What is being asked: With the exception of the pictures, transcribe the entire listing exactly.

Information:

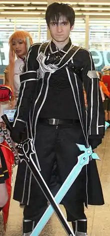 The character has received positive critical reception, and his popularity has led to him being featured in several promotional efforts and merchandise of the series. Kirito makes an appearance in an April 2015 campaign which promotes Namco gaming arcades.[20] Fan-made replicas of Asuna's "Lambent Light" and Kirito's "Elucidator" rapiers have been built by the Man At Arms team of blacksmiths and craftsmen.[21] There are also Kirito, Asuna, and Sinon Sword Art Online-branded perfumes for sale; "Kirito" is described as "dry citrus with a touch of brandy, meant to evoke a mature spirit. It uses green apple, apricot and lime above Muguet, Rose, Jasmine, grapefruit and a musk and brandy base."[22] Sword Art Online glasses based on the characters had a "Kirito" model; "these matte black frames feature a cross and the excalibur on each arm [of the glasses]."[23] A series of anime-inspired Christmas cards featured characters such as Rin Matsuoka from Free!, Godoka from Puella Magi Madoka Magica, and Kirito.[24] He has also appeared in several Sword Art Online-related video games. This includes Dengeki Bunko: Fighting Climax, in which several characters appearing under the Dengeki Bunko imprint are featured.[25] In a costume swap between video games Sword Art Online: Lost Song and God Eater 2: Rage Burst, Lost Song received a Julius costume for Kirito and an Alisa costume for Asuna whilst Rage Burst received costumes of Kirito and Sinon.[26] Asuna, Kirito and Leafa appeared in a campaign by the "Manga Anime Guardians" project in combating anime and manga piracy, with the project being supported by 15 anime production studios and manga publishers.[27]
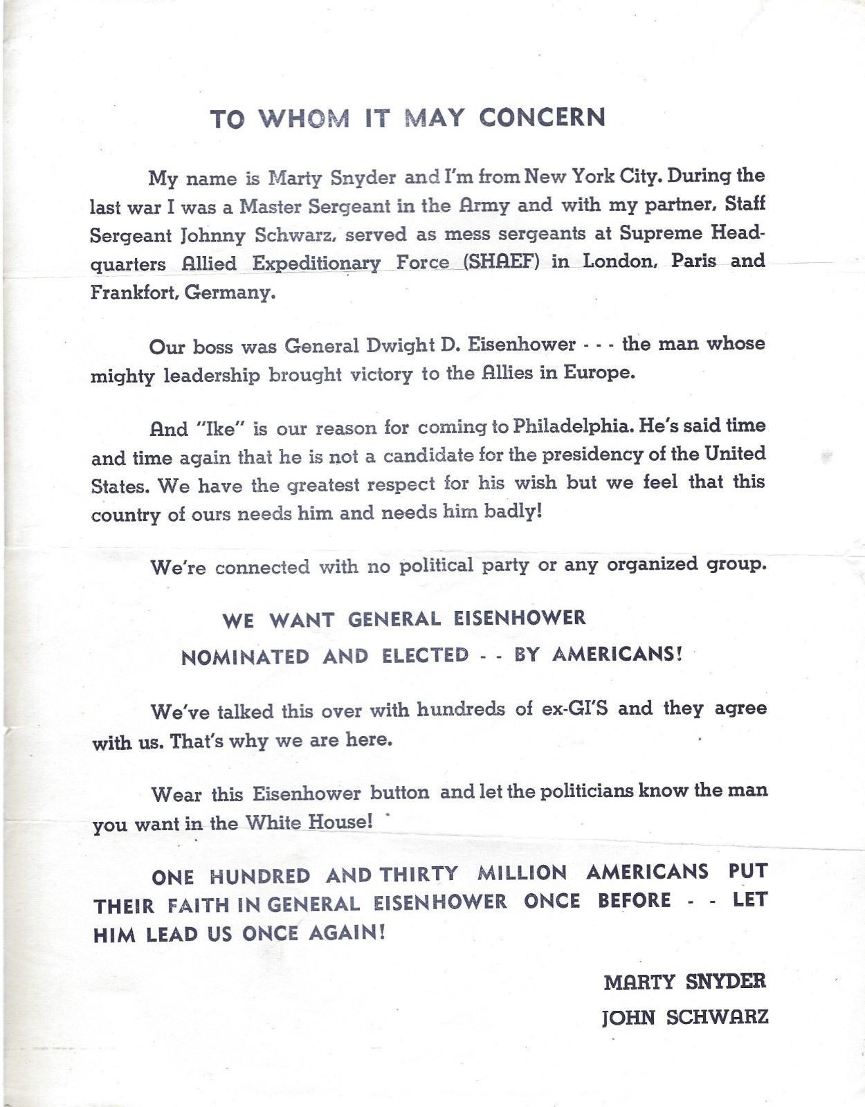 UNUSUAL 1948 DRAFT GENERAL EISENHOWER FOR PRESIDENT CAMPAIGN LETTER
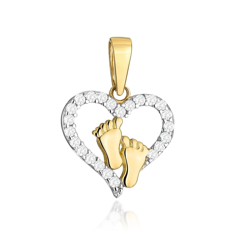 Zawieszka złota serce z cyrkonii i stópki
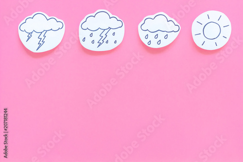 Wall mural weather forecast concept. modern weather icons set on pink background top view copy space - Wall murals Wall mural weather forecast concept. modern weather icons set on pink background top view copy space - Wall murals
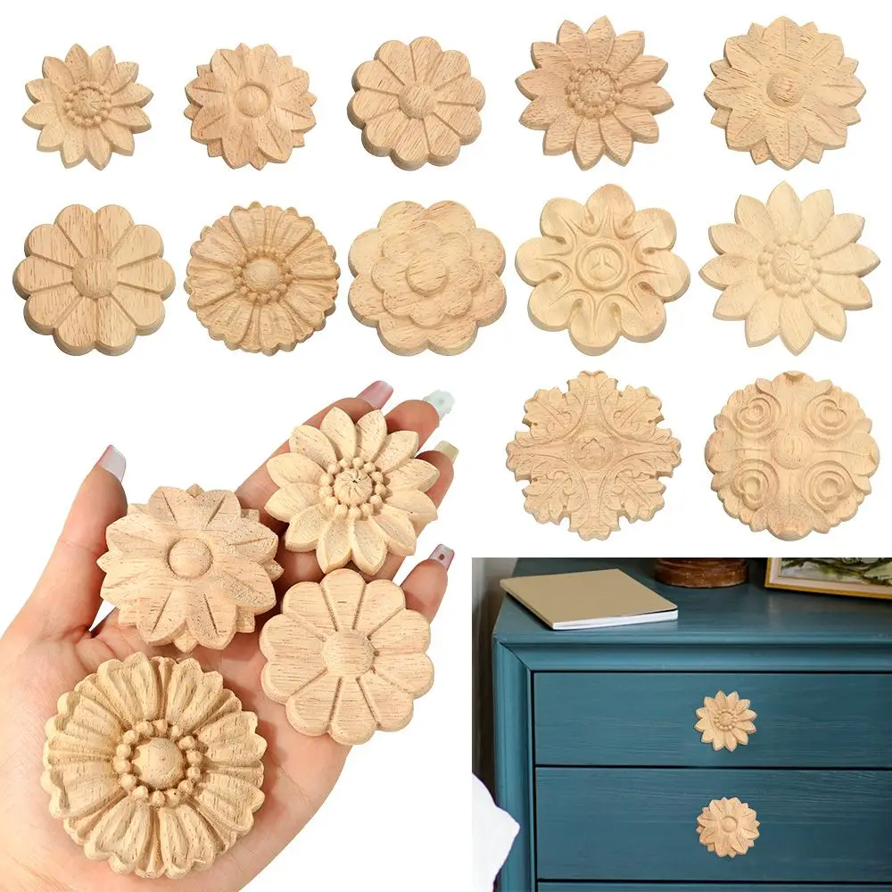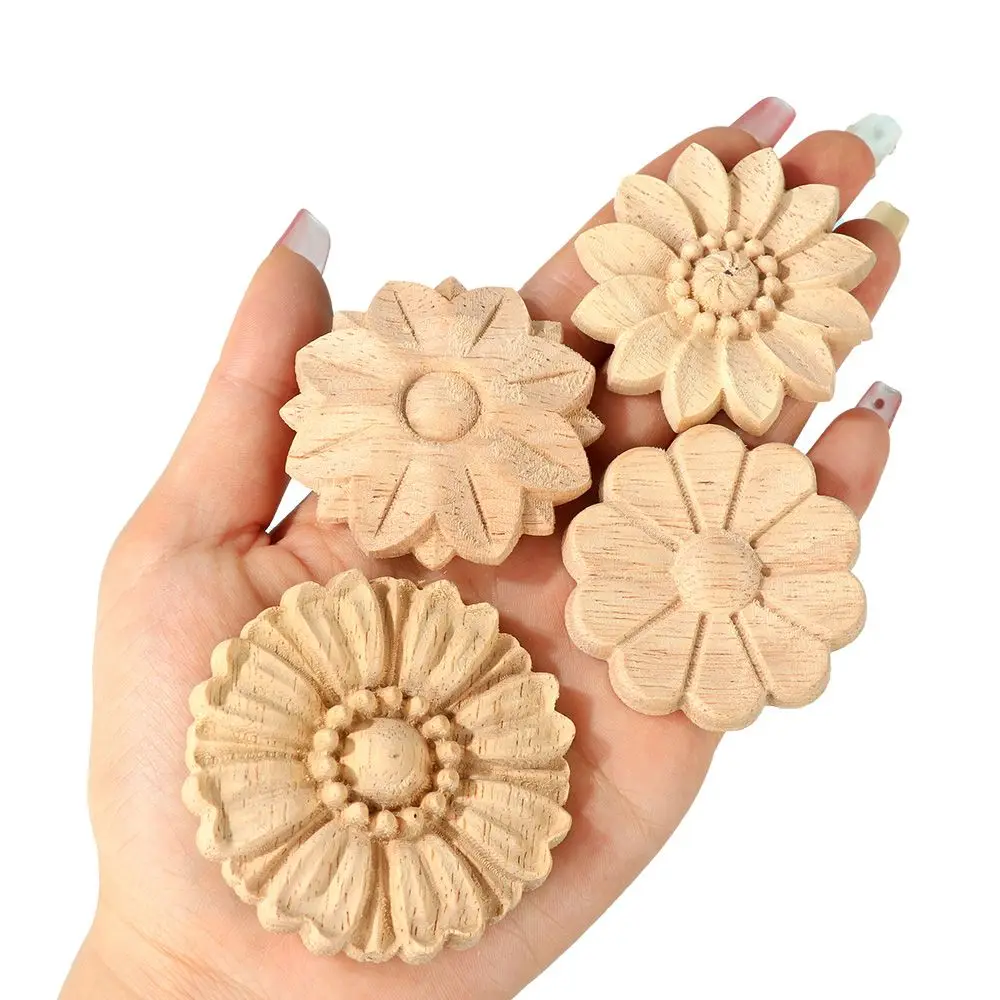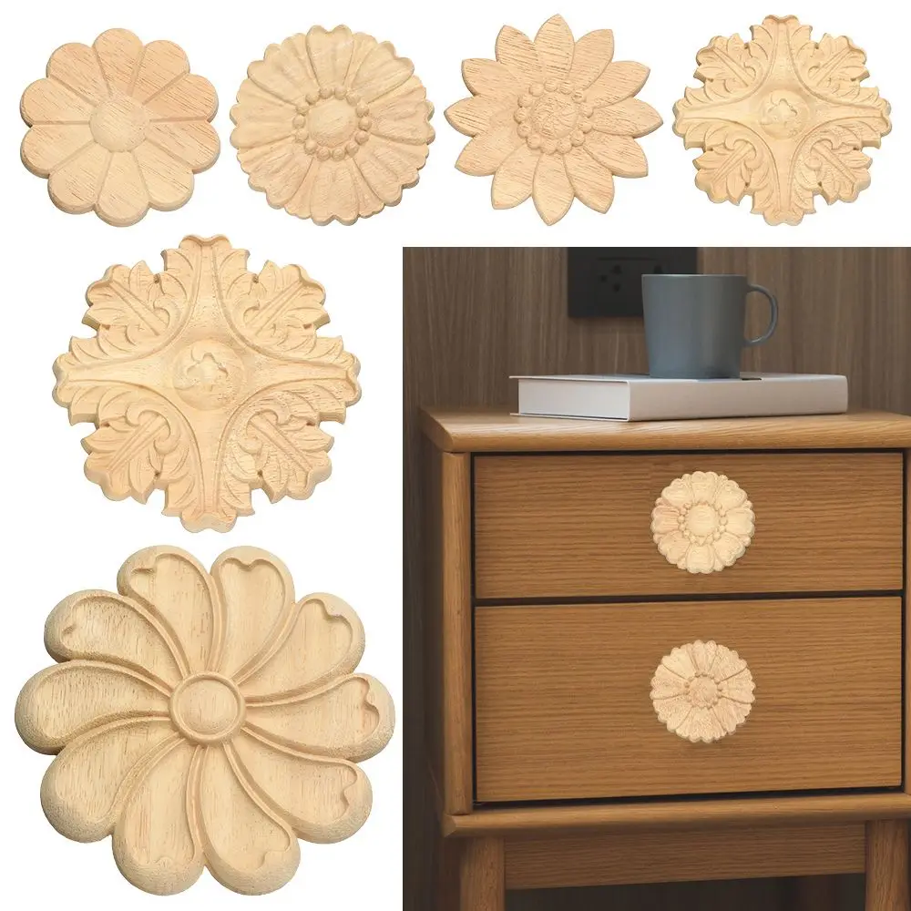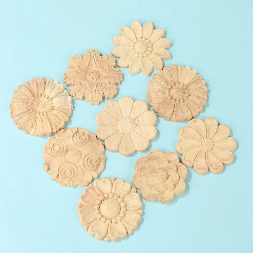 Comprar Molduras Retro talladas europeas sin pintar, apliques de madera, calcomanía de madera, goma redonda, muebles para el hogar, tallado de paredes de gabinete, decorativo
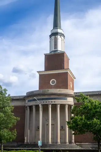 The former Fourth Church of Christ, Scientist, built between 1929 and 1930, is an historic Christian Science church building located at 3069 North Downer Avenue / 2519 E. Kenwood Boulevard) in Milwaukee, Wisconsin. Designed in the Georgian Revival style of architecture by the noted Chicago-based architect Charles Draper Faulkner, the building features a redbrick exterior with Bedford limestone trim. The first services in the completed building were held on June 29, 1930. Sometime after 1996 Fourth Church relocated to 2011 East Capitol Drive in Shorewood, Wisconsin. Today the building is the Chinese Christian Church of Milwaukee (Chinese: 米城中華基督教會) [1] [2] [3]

Written response:
 The character has received positive critical reception, and his popularity has led to him being featured in several promotional efforts and merchandise of the series. Kirito makes an appearance in an April 2015 campaign which promotes Namco gaming arcades.[20] Fan-made replicas of Asuna's "Lambent Light" and Kirito's "Elucidator" rapiers have been built by the Man At Arms team of blacksmiths and craftsmen.[21] There are also Kirito, Asuna, and Sinon Sword Art Online-branded perfumes for sale; "Kirito" is described as "dry citrus with a touch of brandy, meant to evoke a mature spirit. It uses green apple, apricot and lime above Muguet, Rose, Jasmine, grapefruit and a musk and brandy base."[22] Sword Art Online glasses based on the characters had a "Kirito" model; "these matte black frames feature a cross and the excalibur on each arm [of the glasses]."[23] A series of anime-inspired Christmas cards featured characters such as Rin Matsuoka from Free!, Godoka from Puella Magi Madoka Magica, and Kirito.[24] He has also appeared in several Sword Art Online-related video games. This includes Dengeki Bunko: Fighting Climax, in which several characters appearing under the Dengeki Bunko imprint are featured.[25] In a costume swap between video games Sword Art Online: Lost Song and God Eater 2: Rage Burst, Lost Song received a Julius costume for Kirito and an Alisa costume for Asuna whilst Rage Burst received costumes of Kirito and Sinon.[26] Asuna, Kirito and Leafa appeared in a campaign by the "Manga Anime Guardians" project in combating anime and manga piracy, with the project being supported by 15 anime production studios and manga publishers.[27]
 UNUSUAL 1948 DRAFT GENERAL EISENHOWER FOR PRESIDENT CAMPAIGN LETTER
 Zawieszka złota serce z cyrkonii i stópki
 Wall mural weather forecast concept. modern weather icons set on pink background top view copy space - Wall murals Wall mural weather forecast concept. modern weather icons set on pink background top view copy space - Wall murals
 Comprar Molduras Retro talladas europeas sin pintar, apliques de madera, calcomanía de madera, goma redonda, muebles para el hogar, tallado de paredes de gabinete, decorativo
 The former Fourth Church of Christ, Scientist, built between 1929 and 1930, is an historic Christian Science church building located at 3069 North Downer Avenue / 2519 E. Kenwood Boulevard) in Milwaukee, Wisconsin. Designed in the Georgian Revival style of architecture by the noted Chicago-based architect Charles Draper Faulkner, the building features a redbrick exterior with Bedford limestone trim. The first services in the completed building were held on June 29, 1930. Sometime after 1996 Fourth Church relocated to 2011 East Capitol Drive in Shorewood, Wisconsin. Today the building is the Chinese Christian Church of Milwaukee (Chinese: 米城中華基督教會) [1] [2] [3]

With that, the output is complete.